• [Problem statement]:
Set down the records exactly, and omit any image found in them.

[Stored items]
▼

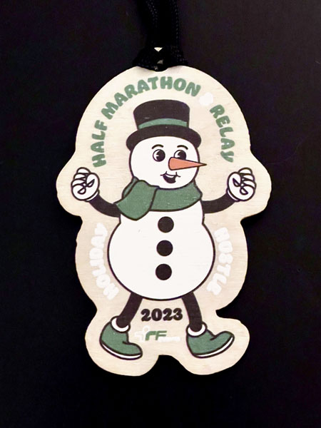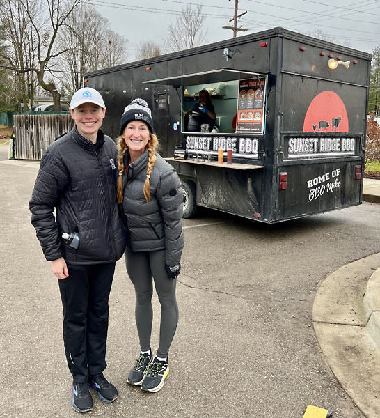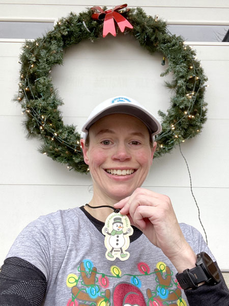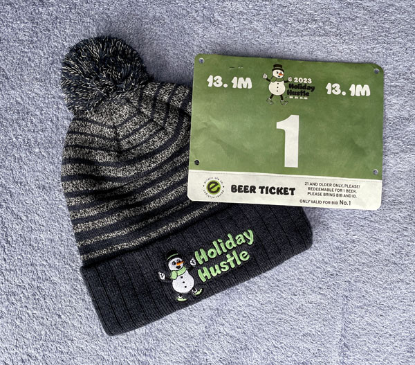 The Holiday Hustle Half Marathon is a race that I looked into last year but it sold out before I committed to it. When I talked to my friend Amy at the end of October this year, she told me that she had signed up for it and reminded me that it could sell out. I’m often wary about signing up for races too far in advance when winter weather can be a factor, and I knew it could be on December 2, but I decided to go for it and signed up a month before the race. There were several options for race swag and I chose to get a cute beanie rather than collect another shirt. I was excited to see that there was also an option to add on a post-race meal from Sunset Ridge BBQ. The hat, lunch, and knowing I’d get to hang out with Amy got me even more excited about the race.
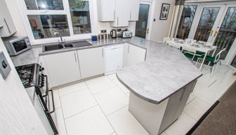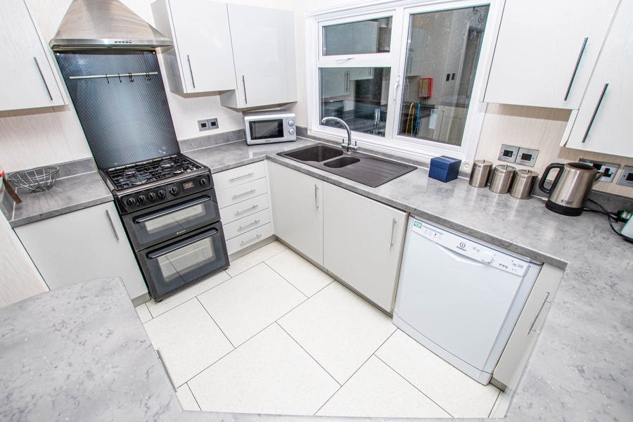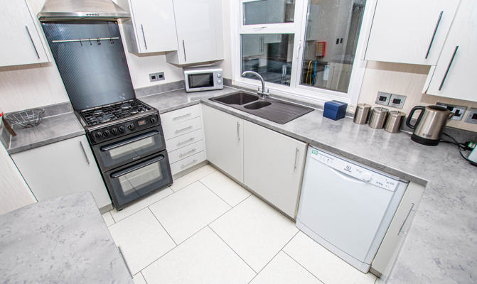 KITCHEN & DINING AREA: Equipped with necessary standard utensils, microwave, oven and grill; full size fridge and freezer, dishwasher and a washing machine. The dining area includes free standing table and 4 chairs.
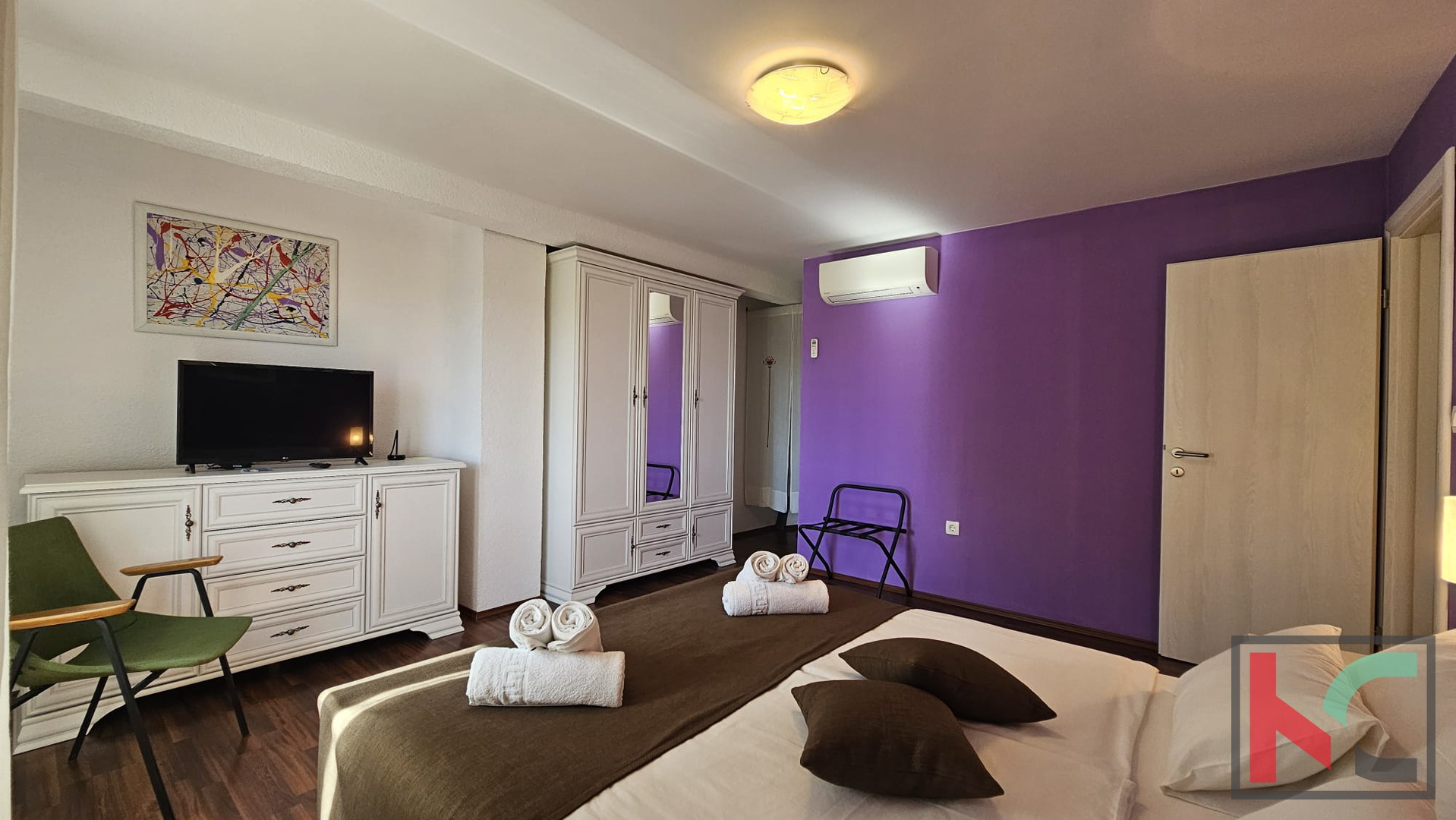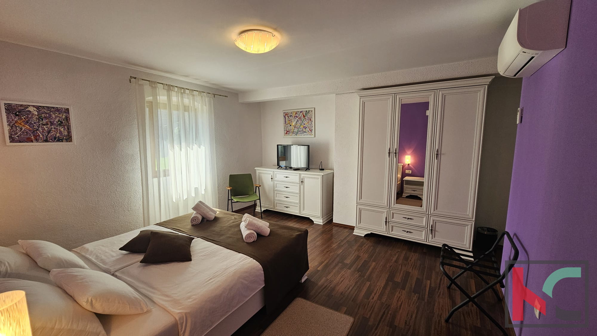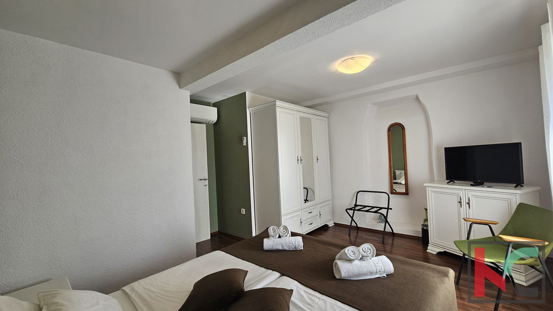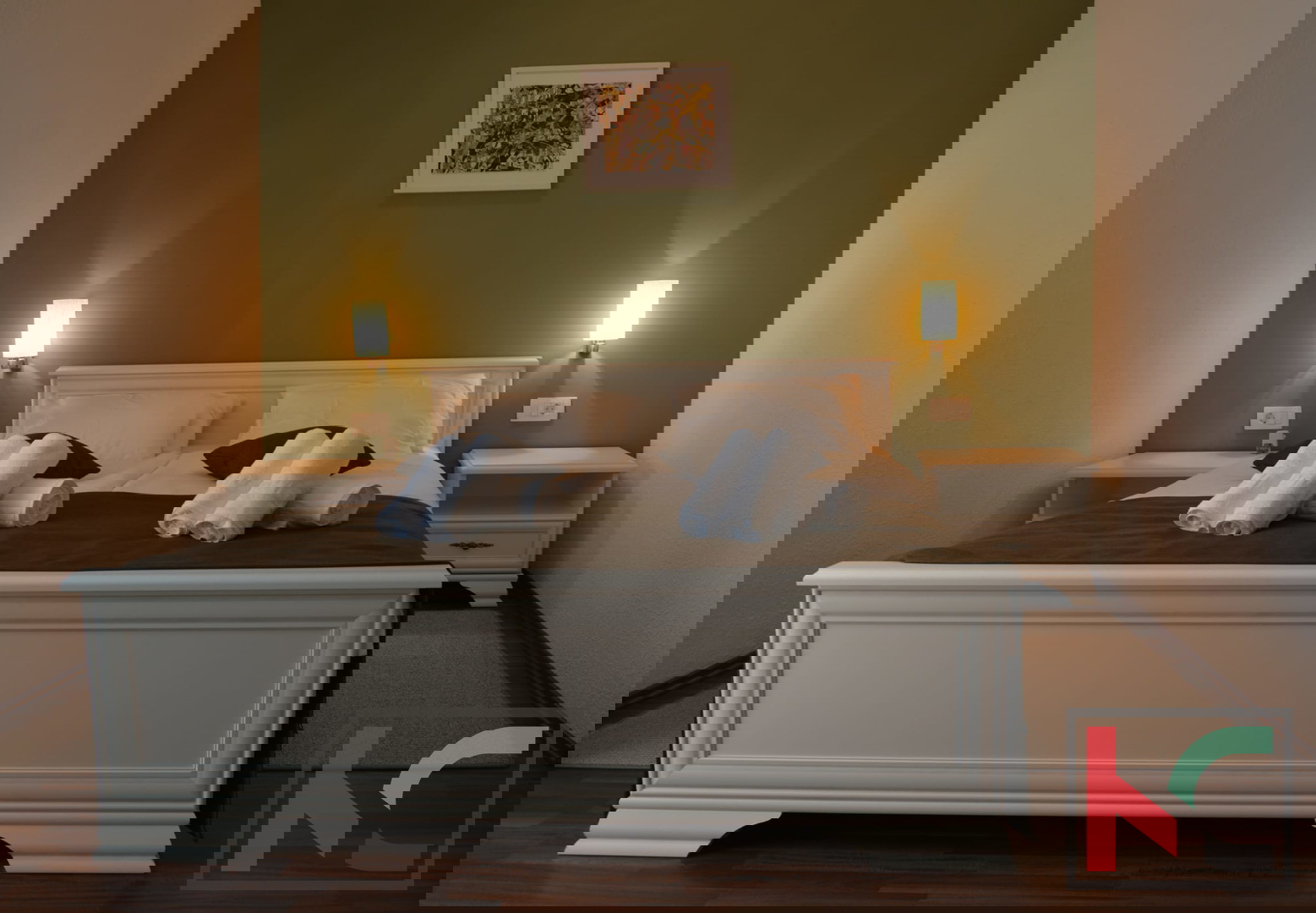 Unutarnje stepenište vodi do spavaćeg dijela. Tu su se smjestile dvije vrlo ugodno uređene spavaće sobe te dodatna kupaonica što omogućava komfor. Regulacija topline osigurana je sa tri zasebne klimatske jedinice. Kuća je potpuno namještena te se kao takva prodaje što omogućava budućim vlasnicima korištenje u minimalnom roku bez dodatnih ulaganja. Parkirno mjesto dostupno je na javnoj površini pored kuće.
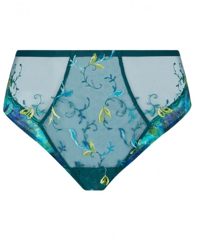Le slip taille haute Lise Charmel de la collection Grâce Aquatique offre une sensation de confort unique de par l’absence d’élastique à la taille. Il apporte également une touche féminine avec son ajourage et ses motifs floraux.
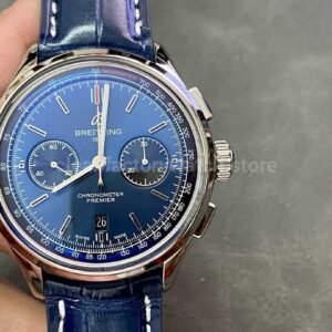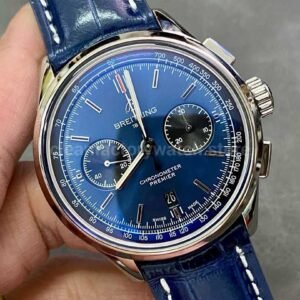 BLS Factory Breitling Premier B01 Chronograph Date AB0118A61C1P2 42mm Steel Leather Strap Black Eye Blue Dial
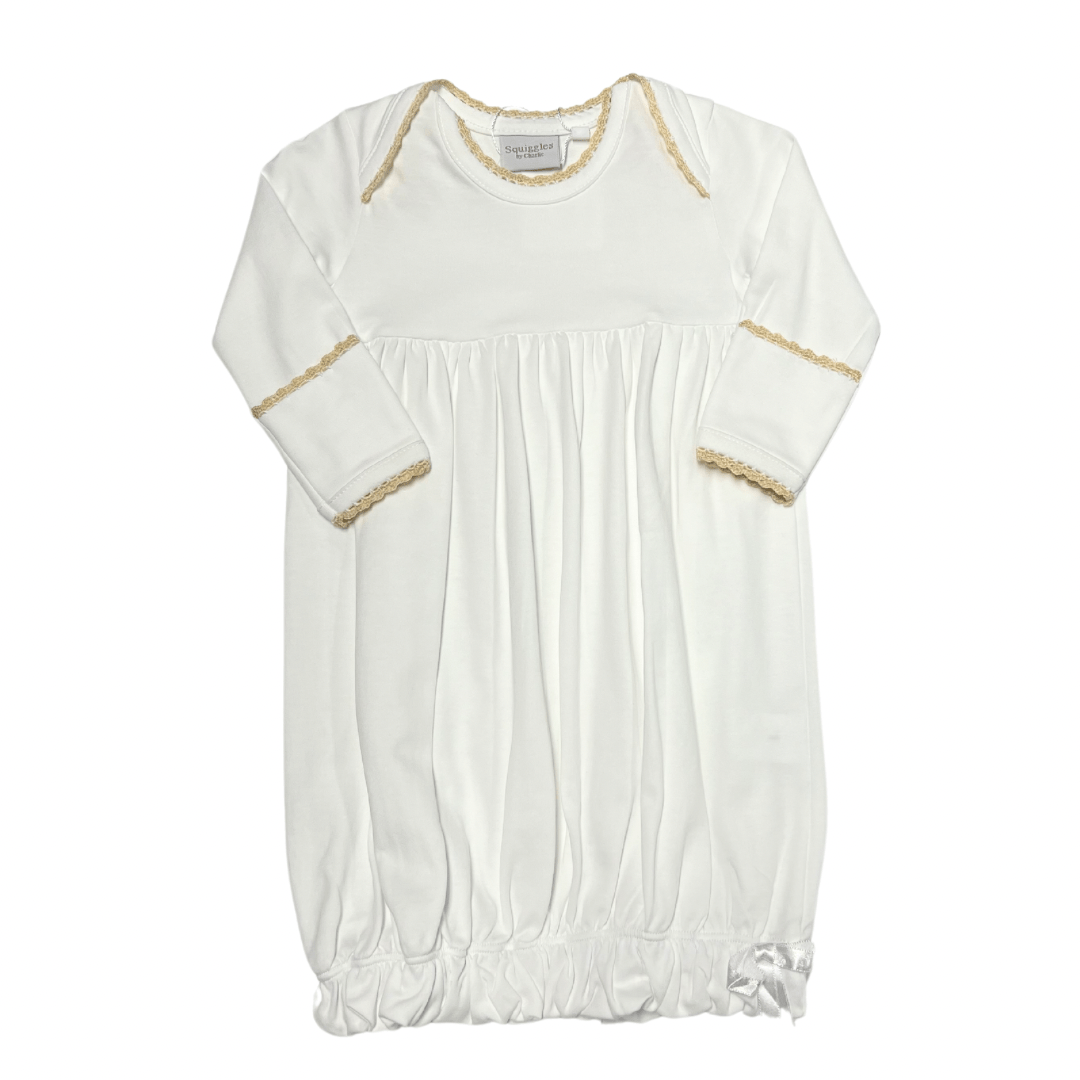 White Lap Shoulder Gown with Latte Crochet Trim
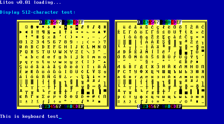 Keyboard and 512-character display test
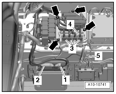 - Remove the right rear relay and fuse carrier from the control module bracket and lay it aside - arrows -.
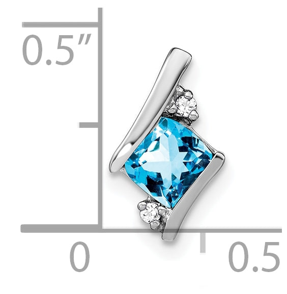14K White Gold Cushion Blue Topaz and Diamond Chain Slide
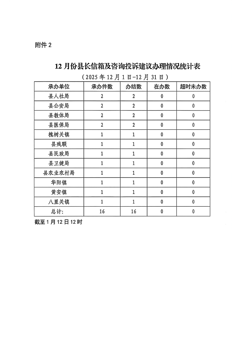 2025年12月份12345政务服务热线及市(县)长信箱等群众诉求办理情况
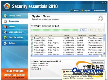 最重要的就是,如同其他任何可疑程序一样,Security Essentials 2010还以“系统包含大量恶意代码”为由,欺骗用户花钱购买许可证。在此,笔者需要提醒大家的是,千万不要被这些假冒的防病毒程序所欺骗,以免浪费不必要的金钱。
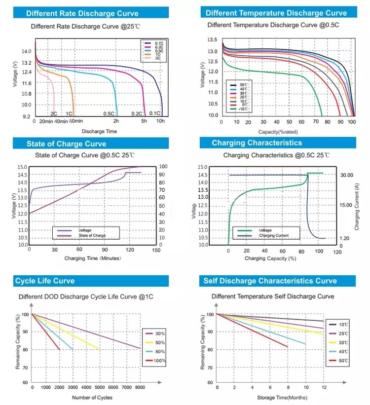 Tingkat konversi energi 15% lebih tinggi daripada baterai asam timbal tradisional, keuntungan penghematan energi jelas. Tingkat self-discharge < 2% per bulan.
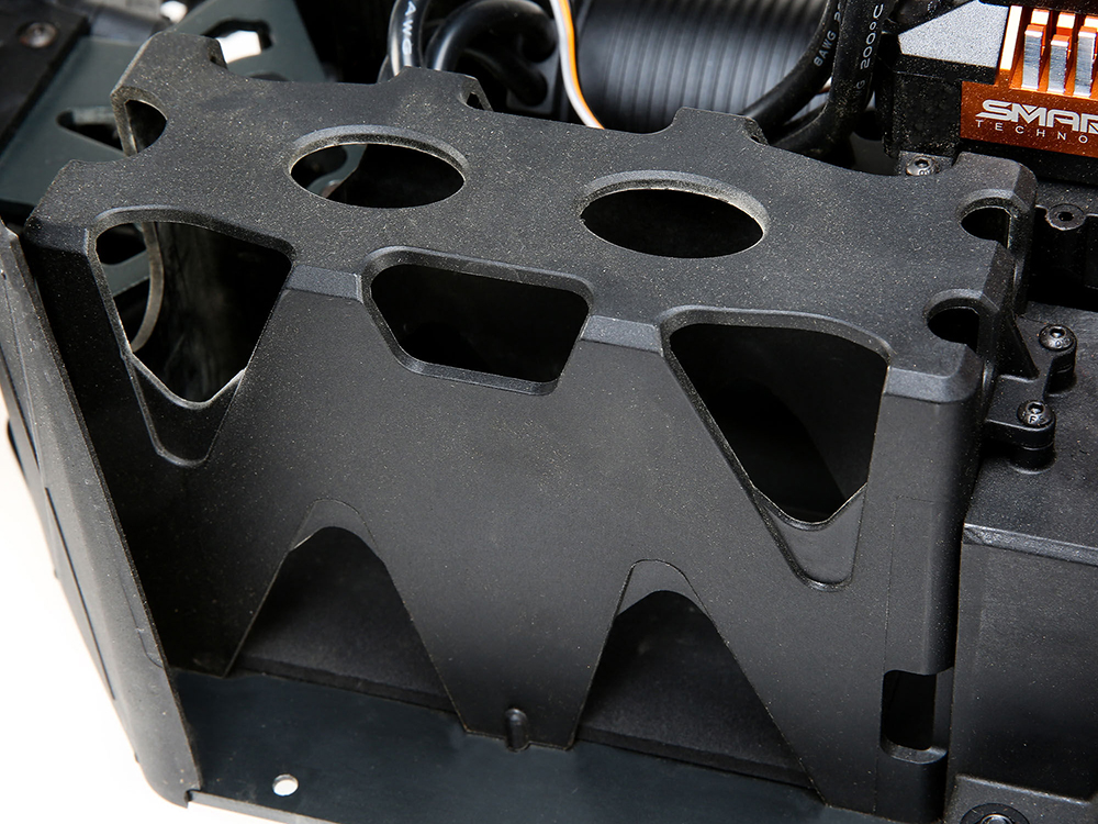 Just like the 1:1 desert trucks, the Super Baja Rey 2.0 comes with a super-rigid roll cage made of super-tough composite material that enhances the truck’s scale looks and durability. It is integrated with the 4mm anodized aluminium chassis plate providing the ultimate protection for your truck and electronics.
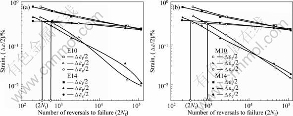 表2中,E10与M10、E14与M14的K值相当,表明二者的强度相当,而E10的n值远小于其余三者的,这是由于E10合金具有较高的塑性。n值较小表明其循环硬化速率较慢,塑性较好,抗疲劳循环硬化的性能好。一般来说,在恒应变幅循环下,若材料是循环硬化型的,则材料所受应力幅将越来越高,可能引起受载构件的早期断裂。
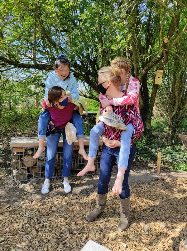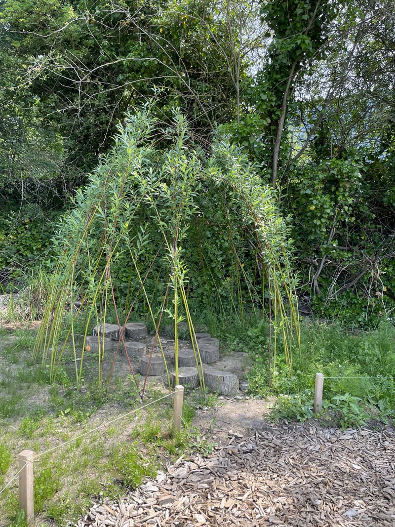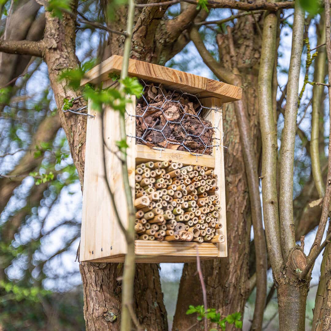 De mens staat centraal in de Tuin van de Biodiversiteit! Zie je deze hutjes van wilgenhout? Ze werden zorgvuldig met de hand gevlochten door onze abonnees! En de vogelhuisjes en insectenhotels die je hier ziet hangen? Dat is het resultaat van het werk van onze stagiaires. Ze maakten zelf deze schuilplaatsen met behulp van hun hamers! En de voetsporen van dieren op de grond? Het opvullen van het blotevoetenpad? De aanplanting van struiken? De teams van het Pass en het publiek hebben hun krachten gebundeld met de kostbare hulp van BLOC PAYSAGE, de landschapsarchitecten van de Tuin van de Biodiversiteit.
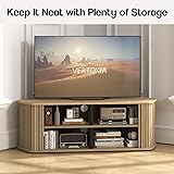 - VERTOXIA Corner TV Stand 43 Inch , Mid Century Corner Entertainment Center with Sliding Tambour Door, Media Console Table with 2 Layers Storage, Fluted TV Stand for Living Room, Bedroom, Oslo Oak
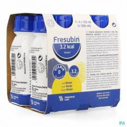 Fresubin 3,2 KCAL Drink is een volledige drinkvoeding voor medisch gebruik, boordevol energie (400 kcal/flesje) en hoogwaardige eiwitten (20 g/flesje) in een klein flesje. Deze voeding voorziet het lichaam van de nodige energie, wanneer gewone voeding niet volstaat of extra voedingsstoffen nodig zijn. De rijke formule bevat goed opneembare eiwitten en alle essentiële vitaminen en mineralen. Het is een kant-en-klare voeding die geschikt is als enige voedingsbron.
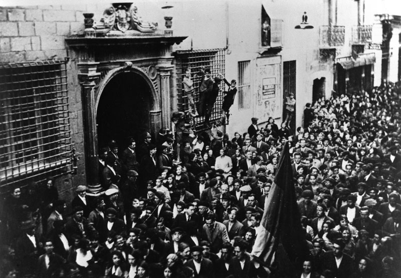 | Contenido: Concentración de jacetanos en la calle Mayor, ante el ayuntamiento, celebrando la proclamación de la República. Los presos civiles, que fueron detenidos en la sublevación de 12 de diciembre de 1930, fueron liberados y conducidos al ayuntamiento. |

▲

• [Answer space]:
 The Holiday Hustle Half Marathon is a race that I looked into last year but it sold out before I committed to it. When I talked to my friend Amy at the end of October this year, she told me that she had signed up for it and reminded me that it could sell out. I’m often wary about signing up for races too far in advance when winter weather can be a factor, and I knew it could be on December 2, but I decided to go for it and signed up a month before the race. There were several options for race swag and I chose to get a cute beanie rather than collect another shirt. I was excited to see that there was also an option to add on a post-race meal from Sunset Ridge BBQ. The hat, lunch, and knowing I’d get to hang out with Amy got me even more excited about the race.
 KITCHEN & DINING AREA: Equipped with necessary standard utensils, microwave, oven and grill; full size fridge and freezer, dishwasher and a washing machine. The dining area includes free standing table and 4 chairs.
 Unutarnje stepenište vodi do spavaćeg dijela. Tu su se smjestile dvije vrlo ugodno uređene spavaće sobe te dodatna kupaonica što omogućava komfor. Regulacija topline osigurana je sa tri zasebne klimatske jedinice. Kuća je potpuno namještena te se kao takva prodaje što omogućava budućim vlasnicima korištenje u minimalnom roku bez dodatnih ulaganja. Parkirno mjesto dostupno je na javnoj površini pored kuće.
Le slip taille haute Lise Charmel de la collection Grâce Aquatique offre une sensation de confort unique de par l’absence d’élastique à la taille. Il apporte également une touche féminine avec son ajourage et ses motifs floraux.
 BLS Factory Breitling Premier B01 Chronograph Date AB0118A61C1P2 42mm Steel Leather Strap Black Eye Blue Dial
 White Lap Shoulder Gown with Latte Crochet Trim
 Keyboard and 512-character display test
 - Remove the right rear relay and fuse carrier from the control module bracket and lay it aside - arrows -.
14K White Gold Cushion Blue Topaz and Diamond Chain Slide
 2025年12月份12345政务服务热线及市(县)长信箱等群众诉求办理情况
 最重要的就是,如同其他任何可疑程序一样,Security Essentials 2010还以“系统包含大量恶意代码”为由,欺骗用户花钱购买许可证。在此,笔者需要提醒大家的是,千万不要被这些假冒的防病毒程序所欺骗,以免浪费不必要的金钱。
 Tingkat konversi energi 15% lebih tinggi daripada baterai asam timbal tradisional, keuntungan penghematan energi jelas. Tingkat self-discharge < 2% per bulan.
 Just like the 1:1 desert trucks, the Super Baja Rey 2.0 comes with a super-rigid roll cage made of super-tough composite material that enhances the truck’s scale looks and durability. It is integrated with the 4mm anodized aluminium chassis plate providing the ultimate protection for your truck and electronics.
 表2中,E10与M10、E14与M14的K值相当,表明二者的强度相当,而E10的n值远小于其余三者的,这是由于E10合金具有较高的塑性。n值较小表明其循环硬化速率较慢,塑性较好,抗疲劳循环硬化的性能好。一般来说,在恒应变幅循环下,若材料是循环硬化型的,则材料所受应力幅将越来越高,可能引起受载构件的早期断裂。
 De mens staat centraal in de Tuin van de Biodiversiteit! Zie je deze hutjes van wilgenhout? Ze werden zorgvuldig met de hand gevlochten door onze abonnees! En de vogelhuisjes en insectenhotels die je hier ziet hangen? Dat is het resultaat van het werk van onze stagiaires. Ze maakten zelf deze schuilplaatsen met behulp van hun hamers! En de voetsporen van dieren op de grond? Het opvullen van het blotevoetenpad? De aanplanting van struiken? De teams van het Pass en het publiek hebben hun krachten gebundeld met de kostbare hulp van BLOC PAYSAGE, de landschapsarchitecten van de Tuin van de Biodiversiteit.
 - VERTOXIA Corner TV Stand 43 Inch , Mid Century Corner Entertainment Center with Sliding Tambour Door, Media Console Table with 2 Layers Storage, Fluted TV Stand for Living Room, Bedroom, Oslo Oak
 Fresubin 3,2 KCAL Drink is een volledige drinkvoeding voor medisch gebruik, boordevol energie (400 kcal/flesje) en hoogwaardige eiwitten (20 g/flesje) in een klein flesje. Deze voeding voorziet het lichaam van de nodige energie, wanneer gewone voeding niet volstaat of extra voedingsstoffen nodig zijn. De rijke formule bevat goed opneembare eiwitten en alle essentiële vitaminen en mineralen. Het is een kant-en-klare voeding die geschikt is als enige voedingsbron.
 | Contenido: Concentración de jacetanos en la calle Mayor, ante el ayuntamiento, celebrando la proclamación de la República. Los presos civiles, que fueron detenidos en la sublevación de 12 de diciembre de 1930, fueron liberados y conducidos al ayuntamiento. |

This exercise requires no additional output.